The Vista process offers one fragile and precious opportunity for those in the fishing industry. So far only two meetings have occurred but already there is some common ground apparent.
In the discussion at the first meeting Feb. 14 all three groups recognized the common threat posed to the fisheries resource by mega-projects such as Alcan and various other habitat concerns.
There was also a very frank exchange about the different cultural ways that the three groups approach life and the resource.
The second meeting March 4 got down to detail on estabhshing objectives and assembling information in order to establish some consensus.
Interestingly enough, no one felt inhibited about speaking frankly for fear of others leaving the room. And no one regretted the absence of DFO in its customary role of supervisor.
As its stands now all three parties have agreed to try to allow the process to continue. A joint application has been made to the federal government for funding.
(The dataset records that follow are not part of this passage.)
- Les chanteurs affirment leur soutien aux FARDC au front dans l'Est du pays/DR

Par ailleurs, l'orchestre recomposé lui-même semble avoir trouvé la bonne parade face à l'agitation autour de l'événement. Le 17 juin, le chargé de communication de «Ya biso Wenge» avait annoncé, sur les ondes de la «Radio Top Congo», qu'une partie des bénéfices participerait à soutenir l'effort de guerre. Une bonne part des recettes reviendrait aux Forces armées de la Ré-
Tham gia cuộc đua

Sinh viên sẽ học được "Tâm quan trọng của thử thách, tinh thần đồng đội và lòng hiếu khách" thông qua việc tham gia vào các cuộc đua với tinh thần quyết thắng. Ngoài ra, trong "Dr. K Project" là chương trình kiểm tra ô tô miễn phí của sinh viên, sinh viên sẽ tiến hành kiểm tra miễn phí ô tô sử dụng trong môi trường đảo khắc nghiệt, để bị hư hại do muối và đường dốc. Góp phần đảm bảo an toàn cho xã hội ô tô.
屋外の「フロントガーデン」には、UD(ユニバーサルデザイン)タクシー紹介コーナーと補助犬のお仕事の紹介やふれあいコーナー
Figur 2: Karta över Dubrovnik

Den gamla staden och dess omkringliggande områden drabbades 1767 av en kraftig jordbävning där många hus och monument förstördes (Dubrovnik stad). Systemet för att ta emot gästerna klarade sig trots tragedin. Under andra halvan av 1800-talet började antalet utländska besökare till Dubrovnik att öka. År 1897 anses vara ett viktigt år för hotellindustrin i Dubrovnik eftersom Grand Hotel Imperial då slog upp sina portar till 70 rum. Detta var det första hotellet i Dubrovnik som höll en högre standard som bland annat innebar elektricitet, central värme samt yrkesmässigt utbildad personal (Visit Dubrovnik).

There's some satisfaction in knowing that as an industry, we've been able to defend our interests and yet still talk openly and freely with native people. That comes despite criticism from some sections, particularly the media, that commercial fishing industry leaders have been racist in their approach.
However, you can't take anything for granted and we must remain grateful that native leaders have shown an open-minded willingness to talk. I trust that an equal acknowledgment exists within the native community as well.
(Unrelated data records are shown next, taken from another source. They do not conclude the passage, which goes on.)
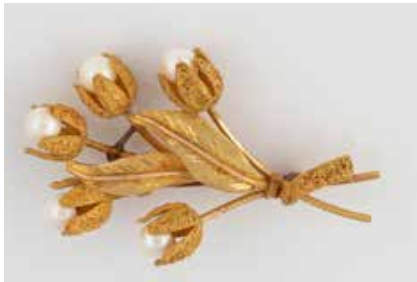
338 | PERL-BROSCHÉ Gelbgold, Rotgold. 6,0 x 3,7 cm, Ges.-Gew. ca. 17,4 g. Geprüft 18 K. Brosche in Blütenstraußform, fünf angeschnittene Perlen, D. ca. 6,1 mm. Wohl rest. € 650,-
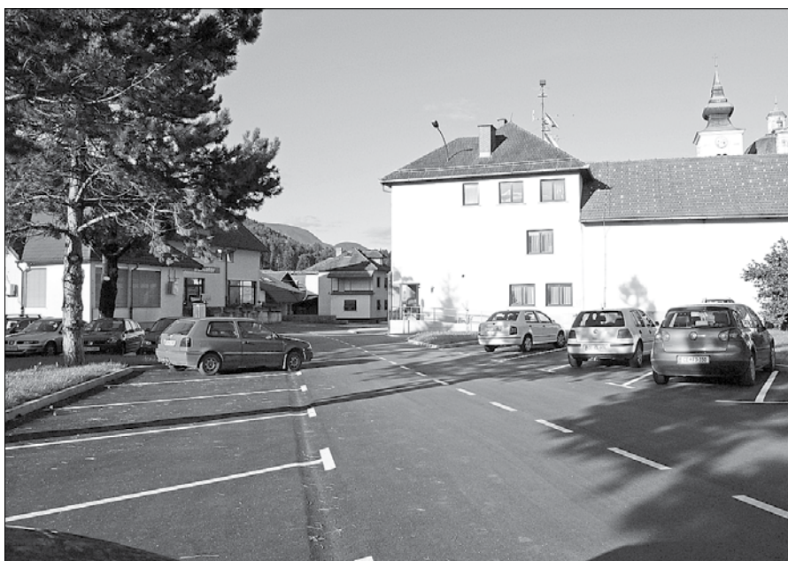
Novo parkirišče v središču Gornjega Grada
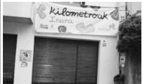
Irurako Kilometroak laguntzeko taberna jarri dute jaietan.
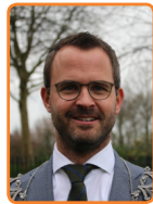
Lopik, L. de Graaf
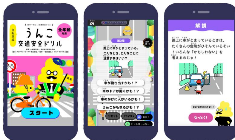
<イメージ> オンラインゲーム
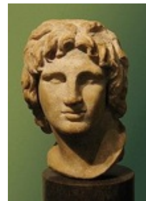
アレクサンドロス
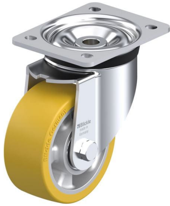
Roulette pivotante correspondante LK-ALTH 127K
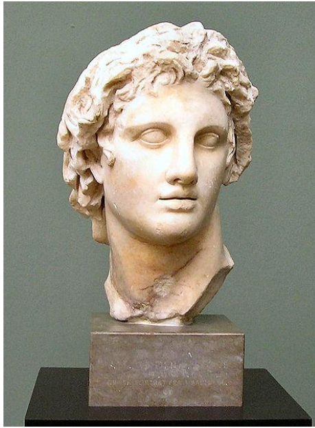
Alexandr Veliký (Μέγας Αλέξανδρος ο Μακεδών ο Τρίτος)

(mezi 20. a 30. červencem 356 př. n. l. v Pelle – 10. nebo 11. června 323 př. n. l. v Babylóně)
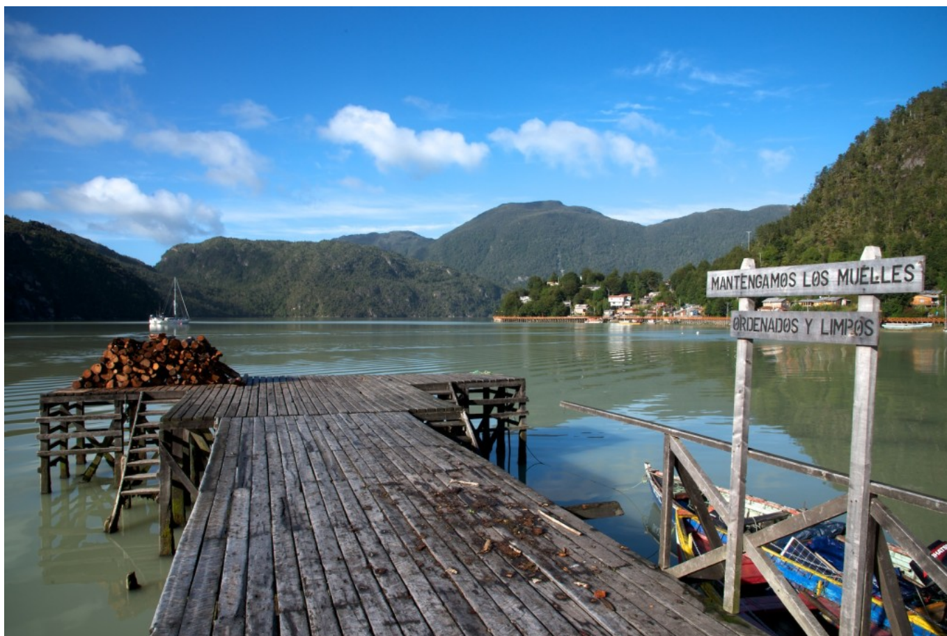
Uno de los múltiples muelles de la población.
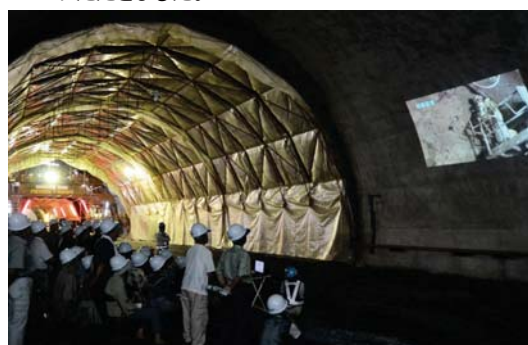
▼H25.7.14 志津川トンネル現場見学会 登米市東和町米谷地区の皆様に参加していただきました。
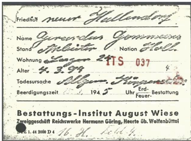
Het document van de begrafenisondernemer in Hallendorf.

Graed of Chrit wordt ook het slachtoffer van de kerkrassia en komt daardoor in Duitsland terecht. Volgens de papieren is hij vanaf 17 oktober 1944 tewerkgesteld bij de Reichswerke Hermann Göring in Salzgitter als 'verlader' en verblijft in Reppner Lager 24. Daar sterft hij door 'Allgemeine Körperschwäche', zoals dat in de papieren aldaar vermeld werd. Hij wordt begraven op het kerkhof van Hallendorf veld 4 rij H graf 16, maar herbegraven op het grote kerkhof Jammertal in Salzgitter.
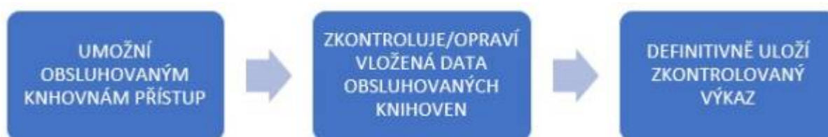
Obr. 6 - Postup práce s daty - pověřená knihovna
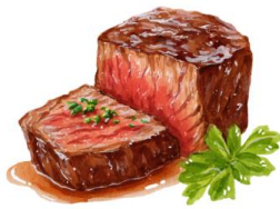
● ไม่ทานเนื้อวัว

ขอความกรุณาแจ้งวัตถุประสงค์ที่ท่าน แพ้หรือไม่สามารถรับประทานได้
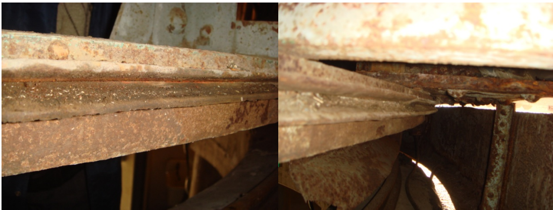
写真6 ワイヤーが走る溝
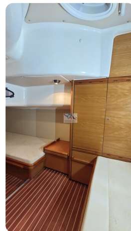
Bavaria 37 Sport msp793423 49
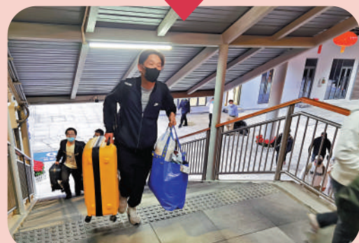
▲旅客只能步行上人行天橋，樓梯沒有斜坡，搬行李不方便。
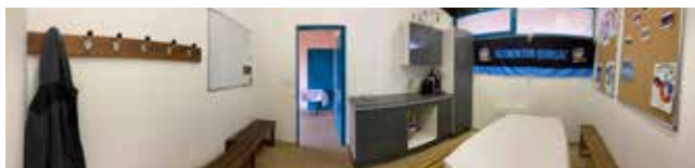
Aménagement du club-house pour les associations de karaté et de badminton.

- Brèves municipales, État civil, Agenda.

There is a danger to the process, however, — it could all fail if DFO proceeds blindly in implementing AFS policy over the next few months without any reference to the Vista process.
Obviously this forum has to be given time and resources to proceed. The best way for DFO to contribute would be to suspend the controversial elements of the AFS, including the commercial sales and self-management components. That would give the new Vista process room to explore alternatives and find areas of potential consensus.
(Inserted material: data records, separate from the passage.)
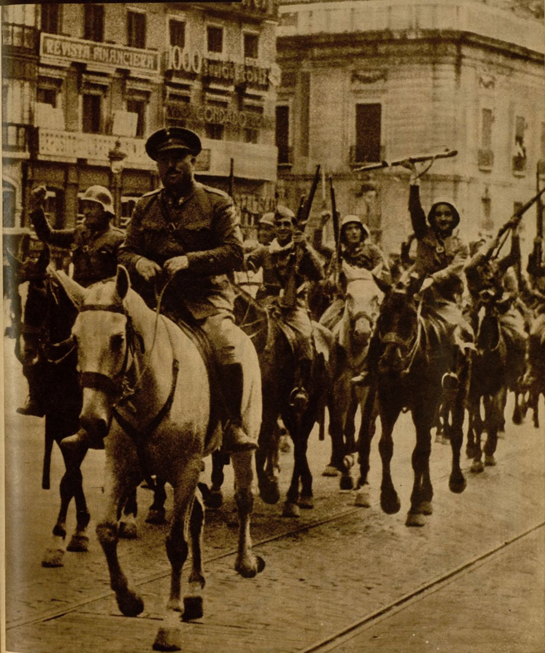
LOS CANTONES DE MADRID, SOMETIDOS.—Un momento del paso por la Puerta del Sol de las tropas de Carabanchel, que, como las de Vicálvaro, Alcalá y El Pardo, prestaron su adhesión al Gobierno, poniéndose a sus órdenes para cooperar al vencimiento de la rebelión
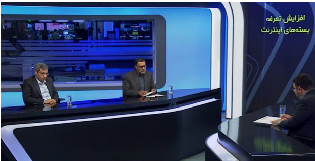
نظر گرفته شده است.

او گفت: الان ۱۵ سال و حتی بیشتر است که اپراتورها پروانه دارند و آن چیزی که در پروانه آنها بوده را به دقت بررسی کرده‌ایم و تا الان هم هر آنچه که تعهد داشتند را تقریباً با دقت بالایی انجام دادند؛ اگر هم گاهی اوقات تعهدات اتفاق نیفتاده ما برخورد قانونی کرده‌ایم و جریمه هم شده‌اند. روحانی نژاد تصریح کرد: افزایش تعرفه اینترنت دلایل مختلفی دارد؛ طبیعتاً ما تورم داشتیم و قیمت اینترنت باید افزایش پیدا می‌کرد اما سازمان مقررات رادیویی جزء معدود دستگاه‌های حاکمیتی است که تعهد گرفته که در ازای افزایش تعرفه افزایش خدمات هم داشته باشد.
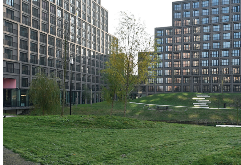
East House gezien vanuit het park
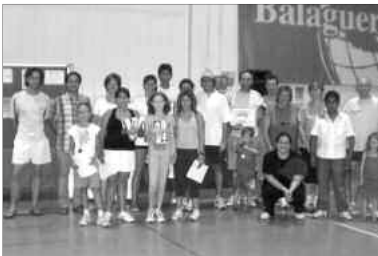
Participantes en la pasada edición de las 12 Horas de Bádminton
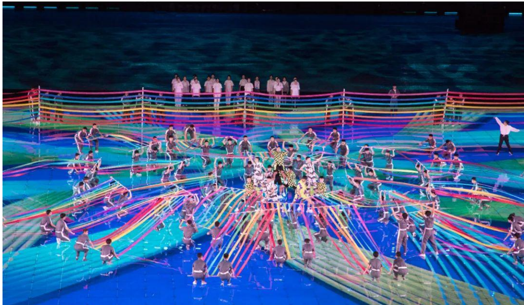
图 3-17 榆林职院学子在开幕式（1）

Fish cases proceed to high court appeal
As expected, five B.C. cases involving aboriginal fishing rights and native commercial sales will be going before Canada's highest court for a final appeal.
The Supreme Court of Canada announced March 10 that it would hear the appeals, which are expected to be scheduled quickly.
The cases were those decided by the B.C. Court of Appeal last June, when a majority of Appeal Court justices ruled that native people do not have an aboriginal right to sell fish commercially and native band bylaws cannot supersede fishery regulations, even on rivers running through the reserve. In the two key cases, Begina vs. Vander Peet and Regina vs. NTC Smokehouse, the court ruled that commercial sales "should not qualify for protection as an aboriginal right."
Although the decisions by the B.C. court effectively removed the legal underpinning to the federal government's discredited Aboriginal Fisheries Strategy, the ruling had little impact on the sales component of the AFS, which most were expecting would be renewed this year, following a review. But a Supreme Court of Canada decision upholding the B.C. Court of Appeal would have far wider implications since it would address the issue that was not dealt with in the Supreme Court's Sparrow decision, namely the right to sell fish commercially.
(However, Ernie Crey, co-ordinator for the Lower Fraser Aboriginal Fisheries Authority declared last week that the Sto:lo people would continue to sell fish commercially regardless of the outcome of the appeal.)
The B.C. Fisheries Survival Coalition voted at its annual general meeting earlier this year to seek intervenor status in the Supreme Court appeal. Coalition lawyer Chris Harvey noted that the intervention would be of critical importance since only one of the Supreme Court justices is from B.C. and the issue is not a familiar one to the court.
The coalition is expected to launch a fund-raising campaign to back its participation in the appeal.